The whole system is built around the knowledge base (I will use the abbreviation BR). Knowledge in it is presented in the form of a semantic network (in more detail about the language of knowledge representation can be read in the article ). I will give a couple of simple examples. Which will simply allow to understand further text and images. In my examples, I will use two languages: graphic - SCg and text - SCs

First you need to learn how to set the "is a" relationship. Everything is quite simple. The image on the left indicates the fact that an apple and pineapple are fruits. To do this, we simply created a node denoting the set of all apples - apple and added an incoming arc of belonging from the node denoting the set of all fruits - fruit . We did the same thing with pineapple.

In principle, on the basis of the “is a” relationship, all storage in the BR is built, including any other relationship. For example, consider how an image of an object or a class of objects is indicated in a KB. In this picture it is clear that we have introduced a set denoting all instances of the relationship “to be an image of something” and add to it all the arcs denoting binary bundles.

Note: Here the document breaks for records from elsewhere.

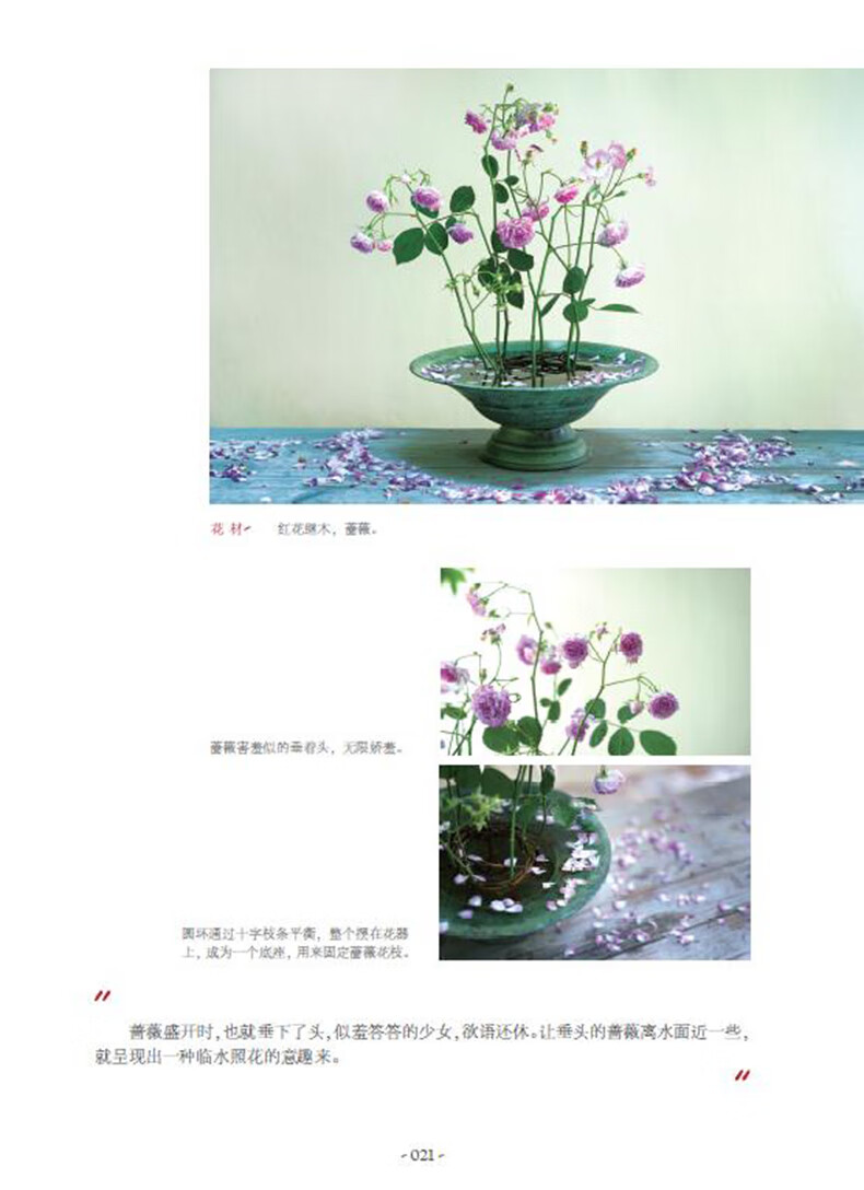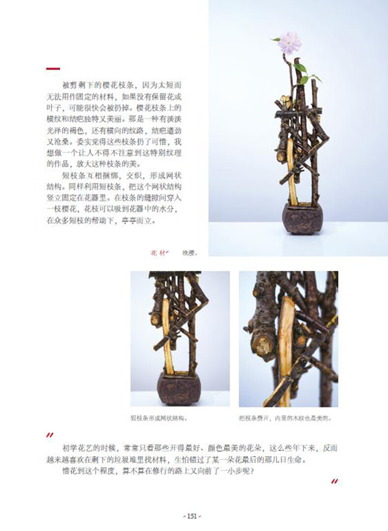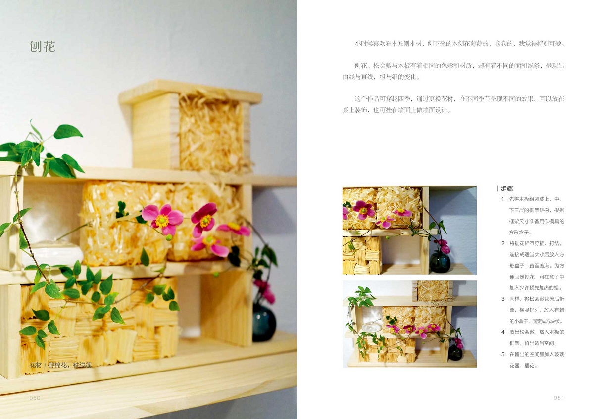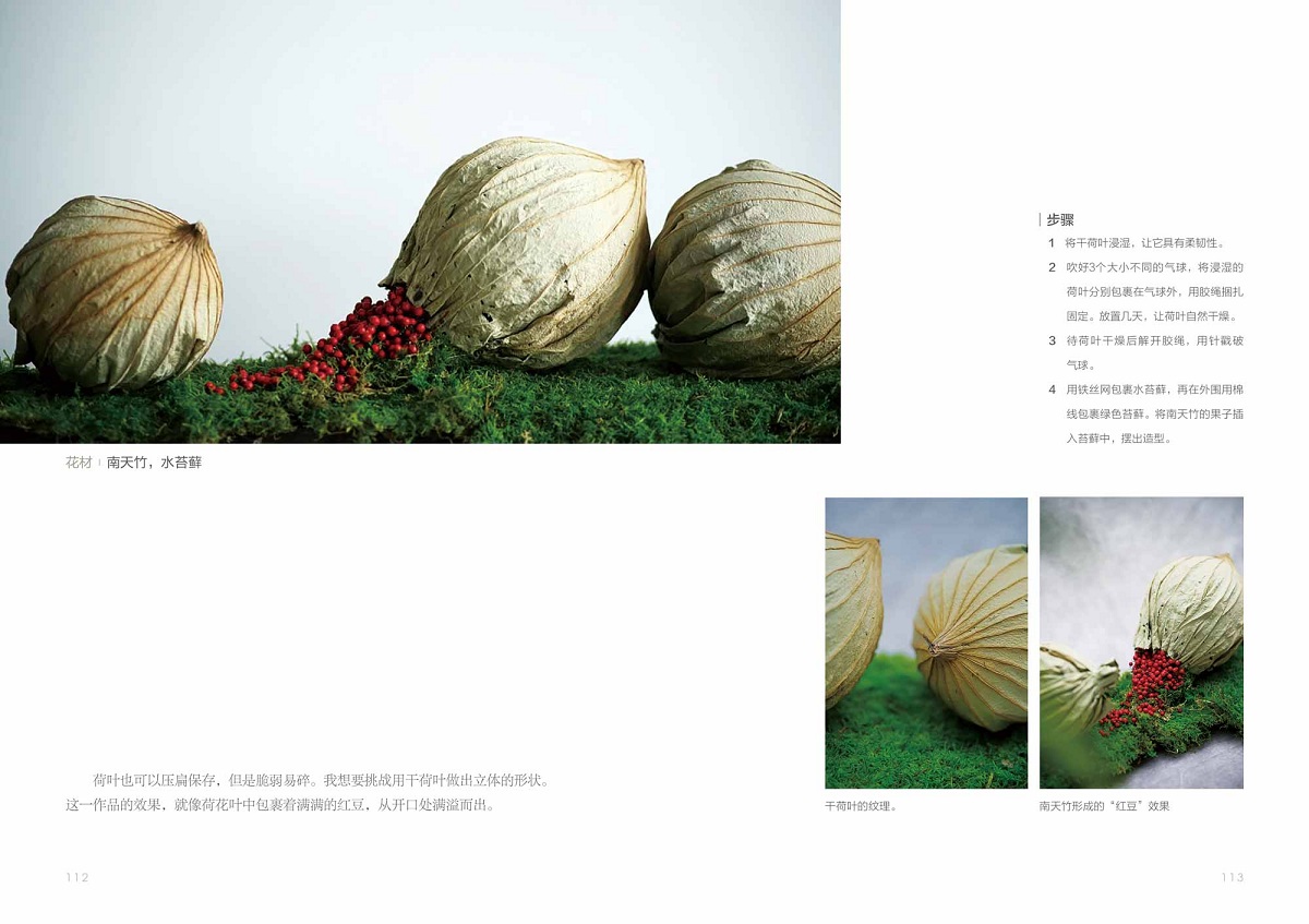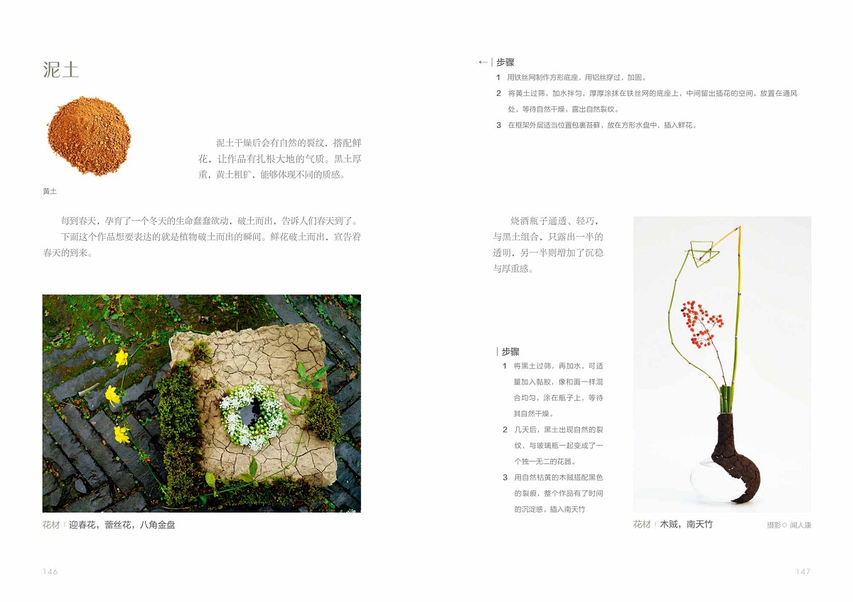 《心境花藝:有溫度的創意插花》收錄了100餘件創意插花作品,分為日常生活插花、花器運用、材質特點呈現、形式突破、構成手法和情感表達七個篇章。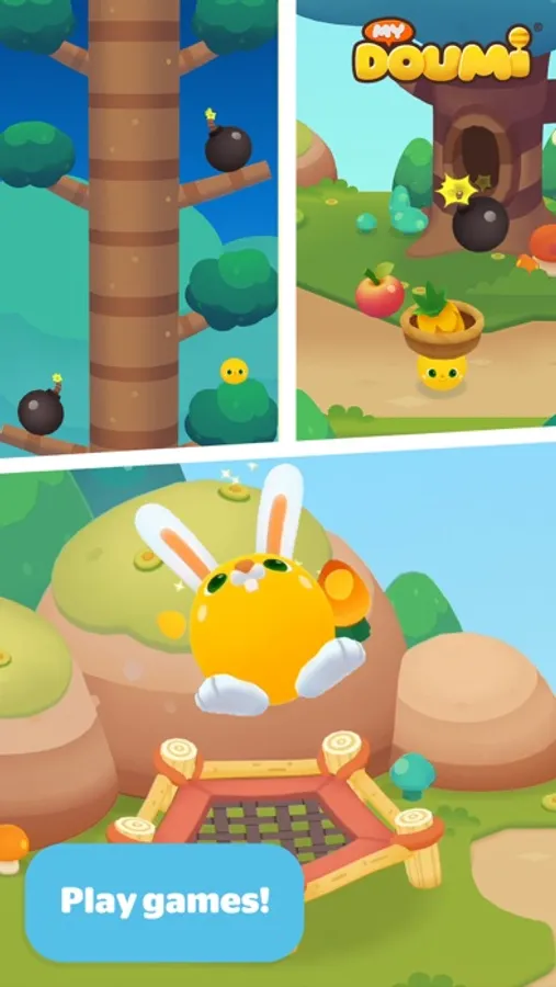 Explore the world of Doumi together and have fun with up to 4 mini-games--Falling Fruit, Tree Jumper and more! Scoring high in games will earn you gold coins to unlock rewards for even more fun.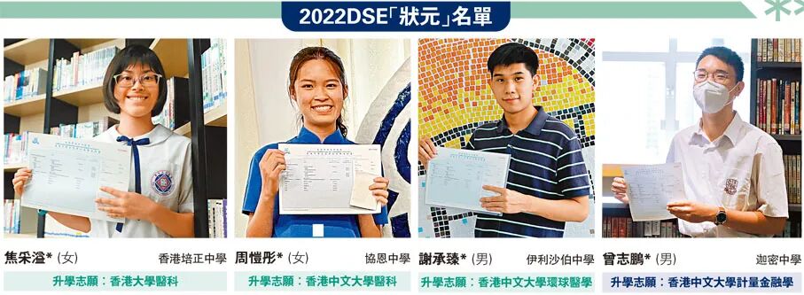 今屆DSE考生中四開始面對持續的新冠疫情,堅定多名狀元「想從醫」的志向。來自傳統名校協恩中學的「超級狀元」周愷彤昨日放榜後分享指,自己立志留港讀醫,日後投身公立醫院,服務基層市民。她說:「疫情下看到醫療系統承受巨大壓力,醫護人手短缺,我想貢獻社會。很多基層市民使用公立醫院,希望我可以服務到更多有需要的人。我想在熟悉的地方、用熟悉的語言去服務香港。」
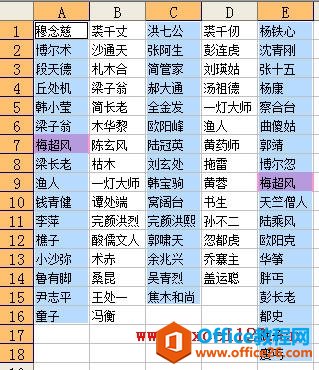 如果要比较Excel工作表的许多列,高亮显示其中相同的内容,可以用条件格式的方法。例如在A1:E18区域中包含六列名单,现在要在整个区域或其中几列中找出重复值。

Now let's talk a little about how the processing of stored knowledge takes place. For this, an agent-based approach is used . The important principle is that agents can interact with each other only through a BR (changing its state). Immediately give a link to the documentation for the development of agents in C ++. The interaction between agents is implemented using a specialized command-query language (documentation on it in the development process). Here I will give one example of a request (read this image following the example of the two past, using the “is a” relation):

This is the simplest example of a query, the weather in Minsk. In this image, you can see the node that denotes the request instance and is included in the set command and command_find_weather , where the latter determines the type of request. In essence, a request is a set of elements of which its arguments are.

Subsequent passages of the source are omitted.